EggHatch-AI Tutorial

Chapter 4: Data Pipeline

Welcome back to the EggHatch AI tutorial! In the last chapter, LLM Client, we learned how our system talks to the powerful AI model itself. The LLM Client is the messenger that sends instructions (prompts) and gets text back.

But what does the AI talk about? For EggHatch AI to give you helpful advice on PC parts and tech, it needs information about products – like laptop specifications, prices, and what real customers think about them. This is where the Data Pipeline comes in.

What is the Data Pipeline?

Imagine the Data Pipeline is like the prep station in a busy kitchen. Raw ingredients (our raw data like messy spreadsheets or text files of reviews) arrive here. The kitchen staff (the Data Pipeline) then washes, chops, measures, and prepares everything so it’s ready for the chefs (the other agents) to use in their dishes (the final recommendations and analysis).

Its main job is to take raw, potentially messy data and transform it into a clean, structured format that the rest of the EggHatch AI system can easily understand and work with.

Why Do We Need a Data Pipeline?

Raw data is rarely perfect. It can have:

Inconsistencies: Prices might be formatted differently, names might be spelled slightly wrong.
Missing information: Some entries might not have a rating or a specific spec.
Noise: Extra spaces, special characters, or irrelevant text in reviews.
Unstructured formats: Reviews are just blocks of text, not neatly organized tables.

If our agents tried to work directly with this messy data, they would get confused, produce inaccurate results, or even fail completely. The Data Pipeline ensures that all agents get consistent, high-quality data to perform their specific tasks.

The Use Case: Providing Data for Analysis

Let’s go back to our example: You ask, “What’s a good gaming laptop for under $1500?”.

To answer this, the Master Agent might need to:

Find a list of laptops with their specs and prices.
Analyze customer reviews to understand their feelings (positive/negative) about specific models or features.
Look at overall trends in reviews (e.g., are people complaining about battery life on recent models?).

All the data needed for these steps – the list of laptops, their prices, the review texts, the review ratings – comes from the Data Pipeline. The Master Agent and the specialized agents (Sentiment Analysis Agent, Trend Analysis Agent) request the data they need from the Data Pipeline, which provides it in a clean, ready-to-use format.

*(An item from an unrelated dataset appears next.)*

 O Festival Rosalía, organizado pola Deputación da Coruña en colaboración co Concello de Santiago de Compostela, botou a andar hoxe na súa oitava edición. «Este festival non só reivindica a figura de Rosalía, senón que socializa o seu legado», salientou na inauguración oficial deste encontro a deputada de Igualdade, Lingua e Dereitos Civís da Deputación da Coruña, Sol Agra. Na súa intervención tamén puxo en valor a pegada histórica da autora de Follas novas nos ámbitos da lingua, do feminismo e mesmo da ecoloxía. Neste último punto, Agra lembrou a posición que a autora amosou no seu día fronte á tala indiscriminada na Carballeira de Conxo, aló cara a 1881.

What Does the Data Pipeline Do?

The Data Pipeline in EggHatch AI performs several key steps:

Load Data: Read the initial data files (like a CSV of laptop specs and JSON files containing reviews).
Extract Information: Pull out relevant pieces of data from the raw sources (e.g., the text of a review, the rating number, the price).
Clean Data: Remove inconsistencies, fix errors, and normalize text (like converting everything to lowercase).
Structure Data: Organize the extracted and cleaned information into easy-to-use formats, like lists of dictionaries or tables (Pandas DataFrames).
Preprocess Data: Perform transformations needed for analysis, such as converting text features into numerical values (like turning “i7 Processor” into a “processor tier” score), handling missing values, or preparing text for language models.
Provide Data: Offer methods for other parts of the system to access the processed data (e.g., “give me all cleaned reviews,” “give me the laptop data table”).

How the Data Pipeline Works (High-Level Flow)

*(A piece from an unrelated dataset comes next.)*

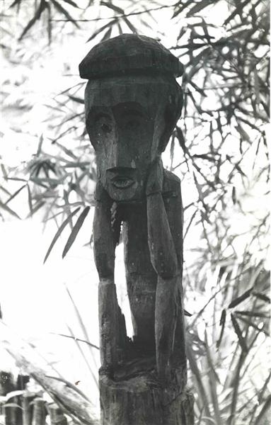| Poteau sculpté érodé d'une tombe représentant un homme assis coiffé d'un chapeau |

Here’s a simplified flow of how data moves through the pipeline:

sequenceDiagram
    participant DataFiles as Raw Data Files<br>(CSV, JSON)
    participant DP as Data Pipeline
    participant MA as Master Agent
    participant Agents as Specialized Agents<br>(Sentiment, Trend, etc.)

    DataFiles->>DP: Reads Raw Data
    DP->>DP: Cleans Data (e.g., text, numbers)
    DP->>DP: Structures Data (e.g., into tables)
    DP->>DP: Preprocesses Data (e.g., creates features)
    DP->>DP: Stores Processed Data Internally
    MA->>DP: Requests Data (e.g., "Get laptop data")
    DP-->>MA: Provides Processed Data
    Agents->>DP: Requests Data (e.g., "Get cleaned reviews")
    DP-->>Agents: Provides Processed Data

The Data Pipeline acts as a central data preparation service. It does its processing once (usually when it’s initialized) and then serves the clean data to anyone who asks for it.

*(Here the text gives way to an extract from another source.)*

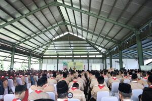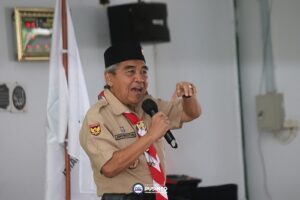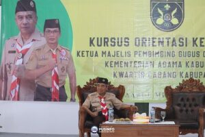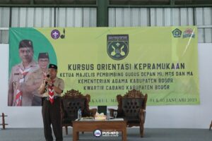 Kak Djoko Mursito, Ketua Komisi Pembinaan Anggota Dewasa Kwartir Nasional menyampaikan materi kepada peserta Kursus Orientasi bagi Ketua Mabigus MI, MTs dan MA se-Kabupaten Bogor di Aula Pondok Pesantren Darul Muttaqien, Parung pada Rabu, (4/01/2023)

Under the Hood: Inside `app/agents/data_pipeline.py`

Let’s peek into the code file app/agents/data_pipeline.py to see how this kitchen prep station is built.

The core of the Data Pipeline is the DataPipeline class. When an instance of this class is created, it immediately starts loading and processing the data.

# ... from app/agents/data_pipeline.py ...
import os
import json
import pandas as pd
from pathlib import Path
# ... other imports and setup ...

# Constants defining where data files are
DATA_DIR = Path("data")
CSV_DIR = DATA_DIR / "csv"
REVIEWS_DIR = DATA_DIR / "reviews"
LAPTOPS_CSV = CSV_DIR / "gaming_laptops_with_reviews.csv"

class DataPipeline:
    """Handles data loading and preprocessing for analysis."""

    def __init__(self):
        self.laptop_data = None # Will store the laptop table
        self.reviews_data = {} # Will store raw reviews data
        self.processed_reviews = [] # Will store cleaned, structured reviews
        self.review_texts = [] # Will store just the cleaned text
        self.preprocessed_data = None # Will store preprocessed laptop table

        # Initialize by loading the data
        self._load_data() # This calls the main loading function

# ... rest of the class methods ...

When you create a DataPipeline object (pipeline = DataPipeline()), its __init__ method runs. This method sets up some variables to hold the data and immediately calls self._load_data().

Loading the Data

The _load_data method reads the data files from disk.

# ... inside the DataPipeline class ...

    def _load_data(self):
        """Load laptop and review data."""
        try:
            # Load the main laptop CSV file into a pandas DataFrame (a table)
            self.laptop_data = pd.read_csv(LAPTOPS_CSV)
            logger.info(f"Loaded {len(self.laptop_data)} laptops from {LAPTOPS_CSV}")

            # Loop through each laptop entry
            for _, row in self.laptop_data.iterrows():
                # If there's a path listed for reviews for this laptop
                if pd.notna(row.get('reviews')):
                    review_path = row['reviews']
                    try:
                        # Open and read the JSON file containing reviews
                        with open(review_path, 'r', encoding='utf-8') as f:
                            self.reviews_data[review_path] = json.load(f)
                    except Exception as e:
                        logger.error(f"Error loading reviews from {review_path}: {str(e)}")

            logger.info(f"Loaded reviews for {len(self.reviews_data)} laptops")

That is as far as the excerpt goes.